ChapterTool KitChapter 1212912Corporate Valuation and Financial .docxChapterTool KitChapter 1212912Corporate Valuation and Financial .docx
ChapterTool KitChapter 1212912Corporate Valuation and Financial .docx
 
Walmart SWOT analysis 2017
Walmart SWOT analysis 2017Walmart SWOT analysis 2017
Walmart SWOT analysis 2017
 
Examples of Key Sales Metrics: Examples of Sales Metrics, List of Sales Effec...
Examples of Key Sales Metrics: Examples of Sales Metrics, List of Sales Effec...Examples of Key Sales Metrics: Examples of Sales Metrics, List of Sales Effec...
Examples of Key Sales Metrics: Examples of Sales Metrics, List of Sales Effec...
 
U.S. Saw Market. Analysis And Forecast to 2020
U.S. Saw Market. Analysis And Forecast to 2020U.S. Saw Market.
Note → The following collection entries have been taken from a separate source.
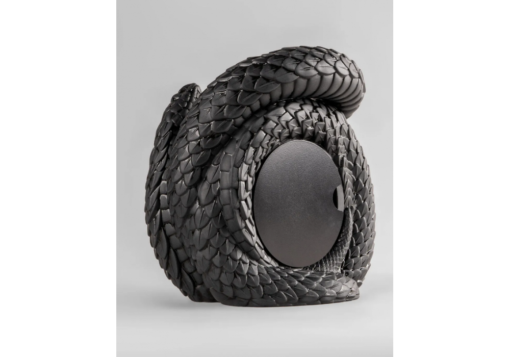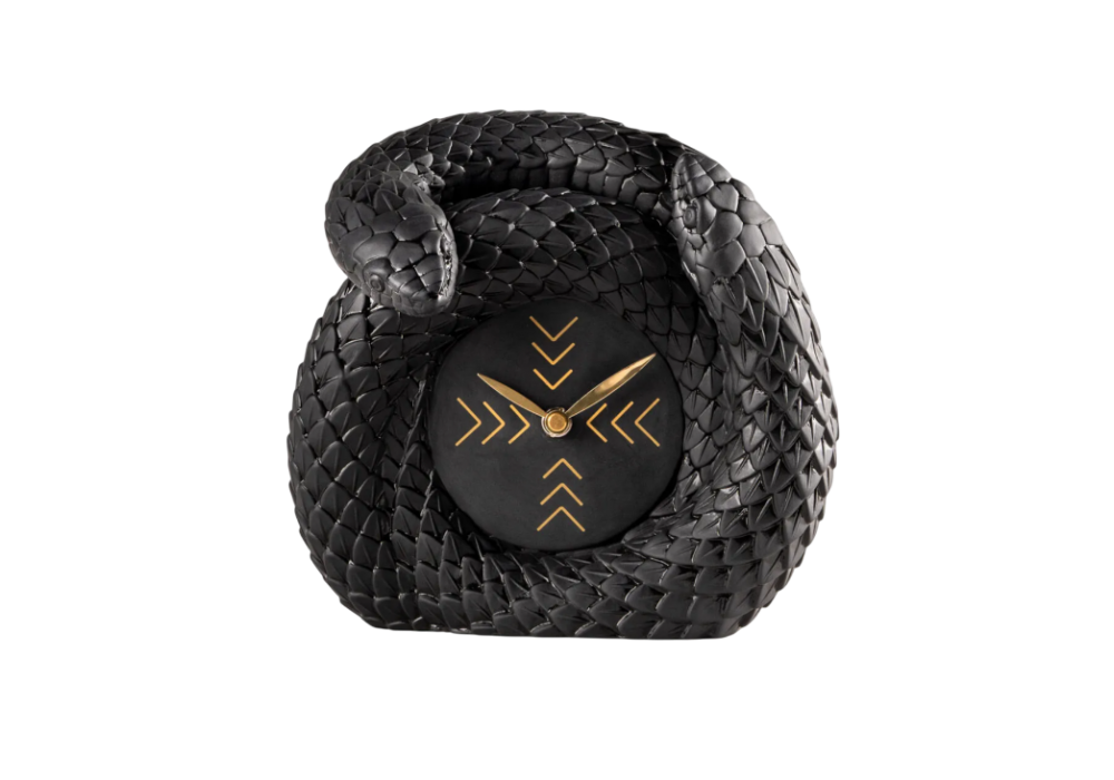 Snakes designed by Robert Schnyder for Lladró is a porcelain table clock with a matte black finish and a decoration with crossed snakes in gold color.
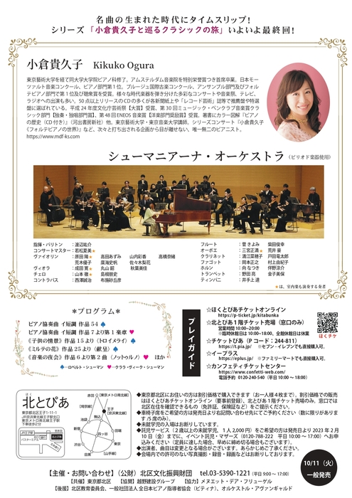 (公財)北区文化振興財団主催『小倉貴久子と巡るクラシックの旅 Vol.5 シューマニアーナ~ドイツのロマンティックな愛と詩情につつまれて~』が2023年2月18日 (土)に北とぴあ さくらホール(東京都北区王子1-11-1)にて開催されます。
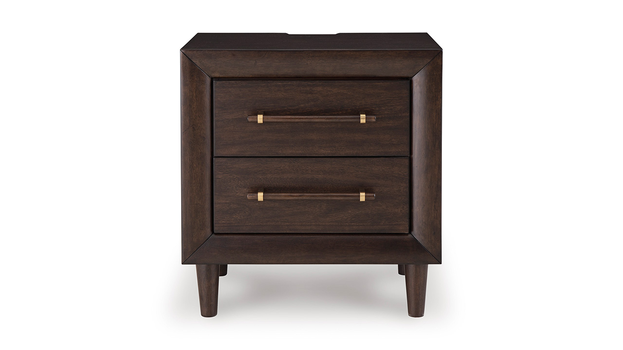 Complete your bedside with the stylish functionality of the Dantenton Nightstand. Its deep merlot finish and elongated wooden pulls deliver a sophisticated look, while integrated USB charging keeps everyday essentials powered and within reach. With clean lines and mid-century-inspired legs, this nightstand blends modern convenience with timeless design.

Analysis And Forecast to 2020
U.S. Saw Market. Analysis And Forecast to 2020
 
Make-Up in Germany
Make-Up in GermanyMake-Up in Germany
Make-Up in Germany
 
U23000754 data mining final project
U23000754 data mining final projectU23000754 data mining final project
U23000754 data mining final project
 
Microsoft display team 09
Microsoft display team 09Microsoft display team 09
Microsoft display team 09
 
Supply Chain - Automation - Solutions
Supply Chain - Automation - SolutionsSupply Chain - Automation - Solutions
Supply Chain - Automation - Solutions
 

Recently uploaded

Junnasandra Call Girls: 🍓 7737669865 🍓 High Profile Model Escorts | Bangalore...
Junnasandra Call Girls: 🍓 7737669865 🍓 High Profile Model Escorts | Bangalore...Junnasandra Call Girls: 🍓 7737669865 🍓 High Profile Model Escorts | Bangalore...
Junnasandra Call Girls: 🍓 7737669865 🍓 High Profile Model Escorts | Bangalore...
amitlee9823
 
Vip Mumbai Call Girls Marol Naka Call On 9920725232 With Body to body massage...
Vip Mumbai Call Girls Marol Naka Call On 9920725232 With Body to body massage...Vip Mumbai Call Girls Marol Naka Call On 9920725232 With Body to body massage...
Vip Mumbai Call Girls Marol Naka Call On 9920725232 With Body to body massage...
amitlee9823
 
Call Girls Indiranagar Just Call 👗 9155563397 👗 Top Class Call Girl Service B...
Call Girls Indiranagar Just Call 👗 9155563397 👗 Top Class Call Girl Service B...Call Girls Indiranagar Just Call 👗 9155563397 👗 Top Class Call Girl Service B...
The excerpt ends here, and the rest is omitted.